[Exercise data]
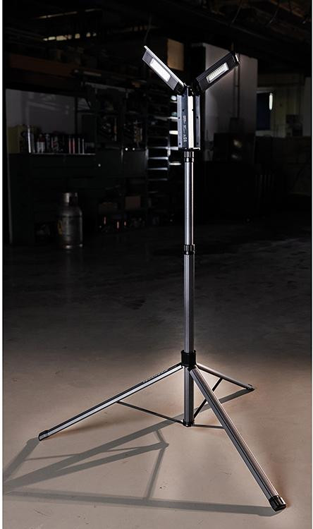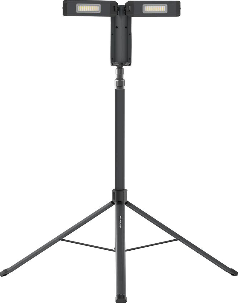 Modèle : boîtier en plastique résistant avec deux spots à rotation indépendante. Le projecteur se détache facilement du trépied, sans utiliser d'outils, pour être posée ou suspendue grâce au crochet intégré. Compatible avec les batteries 18 V basées sur le système CAS. Grâce à des accessoires vendus séparément, également compatible avec les batteries 18 V des fabricants d'outils électriques tels que Bosch (AMPShare), Dewalt, Fein, Festool, Flex, Makita et Milwaukee ou pour un raccordement direct au secteur pour une alimentation électrique continue. LED SMD pour un éclairage uniforme et de grande surface, angle de rayonnement 180°. Le trépied peut être facilement réglé à des hauteurs comprises entre 90 cm et 2 m à l'aide de fixations rapides. Livré sans batterie ni raccordement au secteur.
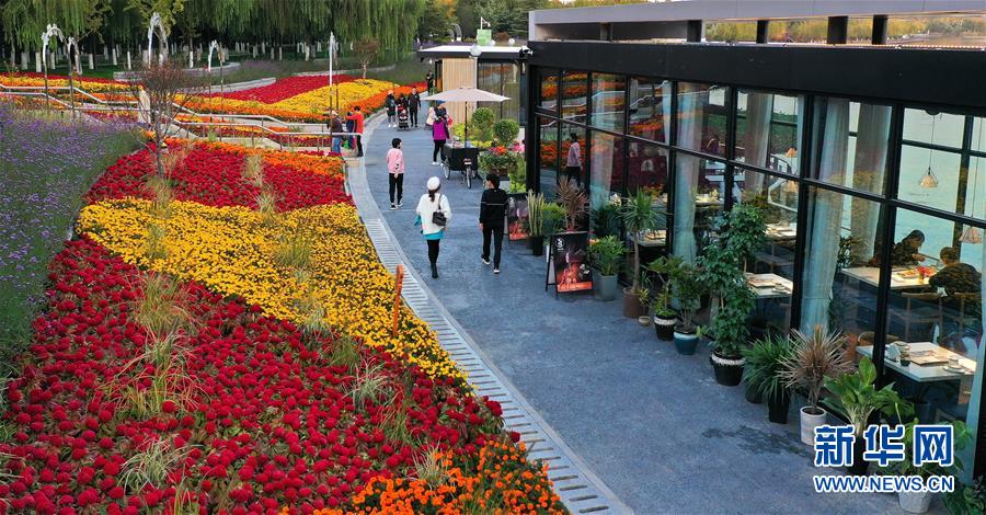 10月20日,游客在唐山市南湖景区游览(无人机照片)。 河北省唐山市南湖景区是唐山市的“城市绿肺”,由开滦煤矿采煤沉降地经过综合治理形成。秋季,南湖景区层林尽染、花海斑斓、湖水清澈,景区建筑与水面交相辉映,美不胜收,成为市民休闲、健身的好场所。 新华社记者 牟宇 摄
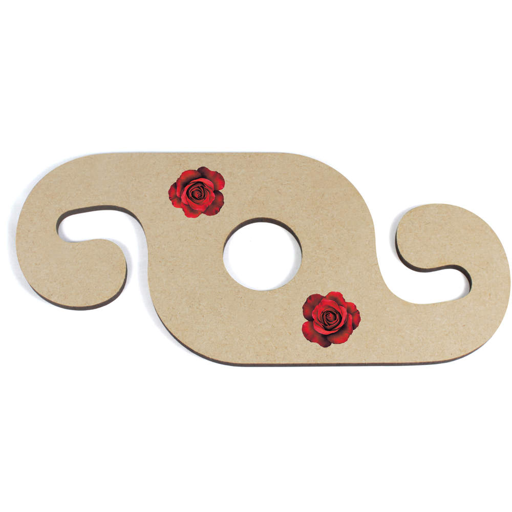 Ideal for dinner parties, weddings and special occasions, this beautiful laser cut wooden wine glass holder fits on most wine and champagne bottles. It is printed on one side with a fabulous design and holds two wine glasses or champagne flutes.

[Exercise requirements] With pictures excluded, the material is to be written out exactly as given.

[Finished exercise]
 Modèle : boîtier en plastique résistant avec deux spots à rotation indépendante. Le projecteur se détache facilement du trépied, sans utiliser d'outils, pour être posée ou suspendue grâce au crochet intégré. Compatible avec les batteries 18 V basées sur le système CAS. Grâce à des accessoires vendus séparément, également compatible avec les batteries 18 V des fabricants d'outils électriques tels que Bosch (AMPShare), Dewalt, Fein, Festool, Flex, Makita et Milwaukee ou pour un raccordement direct au secteur pour une alimentation électrique continue. LED SMD pour un éclairage uniforme et de grande surface, angle de rayonnement 180°. Le trépied peut être facilement réglé à des hauteurs comprises entre 90 cm et 2 m à l'aide de fixations rapides. Livré sans batterie ni raccordement au secteur.
 10月20日,游客在唐山市南湖景区游览(无人机照片)。 河北省唐山市南湖景区是唐山市的“城市绿肺”,由开滦煤矿采煤沉降地经过综合治理形成。秋季,南湖景区层林尽染、花海斑斓、湖水清澈,景区建筑与水面交相辉映,美不胜收,成为市民休闲、健身的好场所。 新华社记者 牟宇 摄
 Ideal for dinner parties, weddings and special occasions, this beautiful laser cut wooden wine glass holder fits on most wine and champagne bottles. It is printed on one side with a fabulous design and holds two wine glasses or champagne flutes.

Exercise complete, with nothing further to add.